Bush, he said, understands that the war on terror will not be won overnight, and that military action is a necessary tool in winning the fight.
"I think Bush is a little more realistic about the war," said 24-year old Askin (junior-political science), who added that he feels the war is the most important issue for him this election year.
His two stints in the Marine Corps ended last October. He said the experience gave him a perspective on the world that he has brought back stateside, into his worldview and into his classroom experience.
Askin received what he called his first lessons in politics under the U.S. Central Command, the same leadership overseeing military operations in Iraq.
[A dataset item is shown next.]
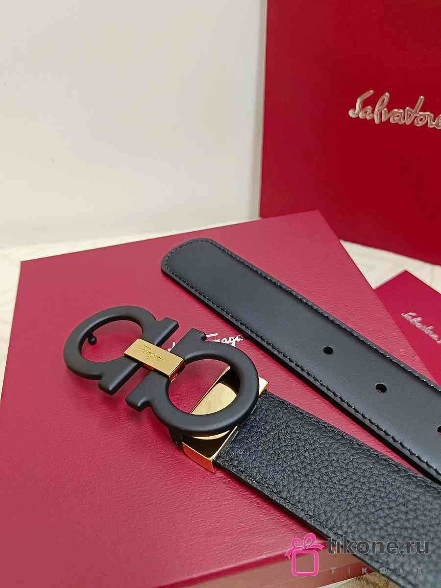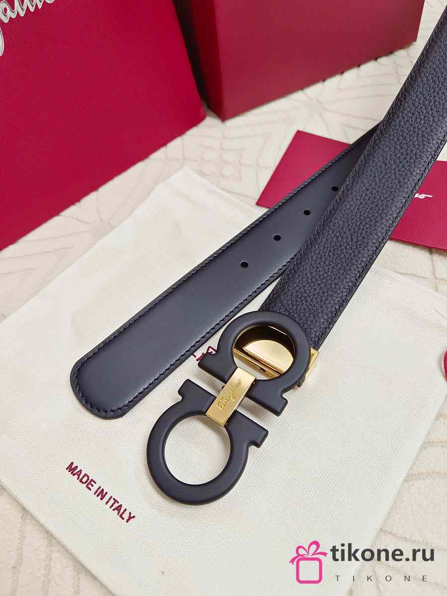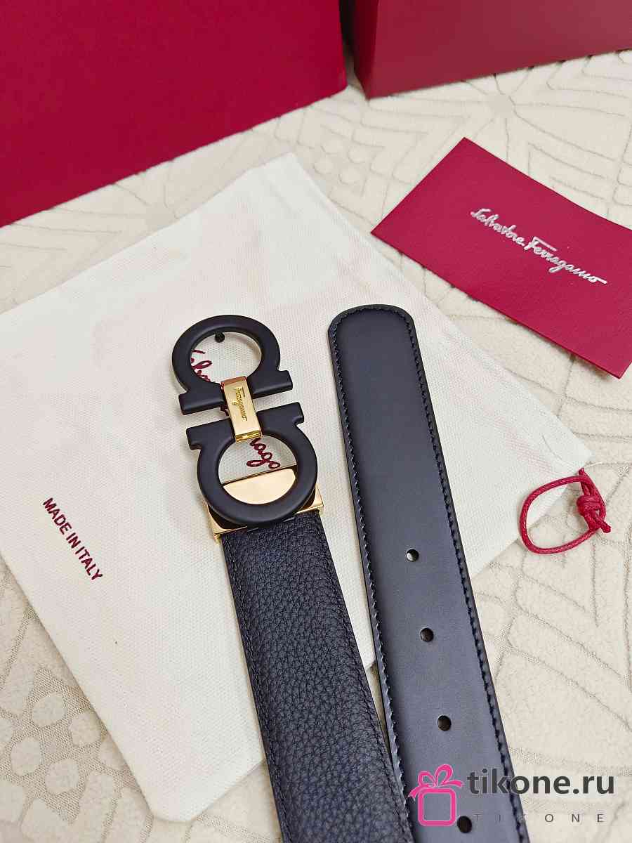 Salvatore Ferragamo Reversible And Adjustable Gancini Belt Smooth/ Grained Calfskin Black Gold 3.5cm

His unit, the Combined Joint Task Force - Horn of Africa, is the lead military operation in eastern Africa. It is an area of the world close to the Middle East that he said also shares many similar views with the West.
But Askin said most of the work he has seen by the military overseas has been positive, adding that the current environment of tension will easily go away. He is voting for Bush because he said he feels the current commander in chief has a better understanding of that fact than his opponent.
Askin joined the military after high school because he said he was not ready for college, and the discipline he learned is helping him as he pursues his degree. The war in Iraq would not change his decision to enlist, he added.
He also said his real world perspective sometimes puts him at opposite ends of arguments during classroom discussion.
"It is hard to have an informed opinion when you're just in a classroom," Askin said.
Don Stine, steward of Veterans of Foreign Wars post in State College, said most veterans who frequent the Barnard Street veteran's club share Askin's view.
"Most of the military guys in here, yes, they are voting for Bush," said Stine, who served in the military during the last years of the Cold War. "Everybody is pretty much dug in."
VFW Post Commander George Zonge, a lifelong Democrat whose first wartime president was Franklin Roosevelt, agreed.
He added that in every election he's seen, soldiers and veterans, such as Askin, stand by the sitting president, including a war in Vietnam Zonge said was run by "idiots."
In this war, he also said Bush is far and away the better leader.
"I don't think Kerry is qualified to be president," Zonge said, a two-time Purple Heart winner, adding that he believes Kerry's wounds in Vietnam were too superficial to merit his decorations. "I will definitely be voting for George W. Bush."
But despite protests from Zonge and others about Kerry's war story, Askin said the issue did not figure into his choice for president.
"I wasn't there that day, so I wouldn't know," he said.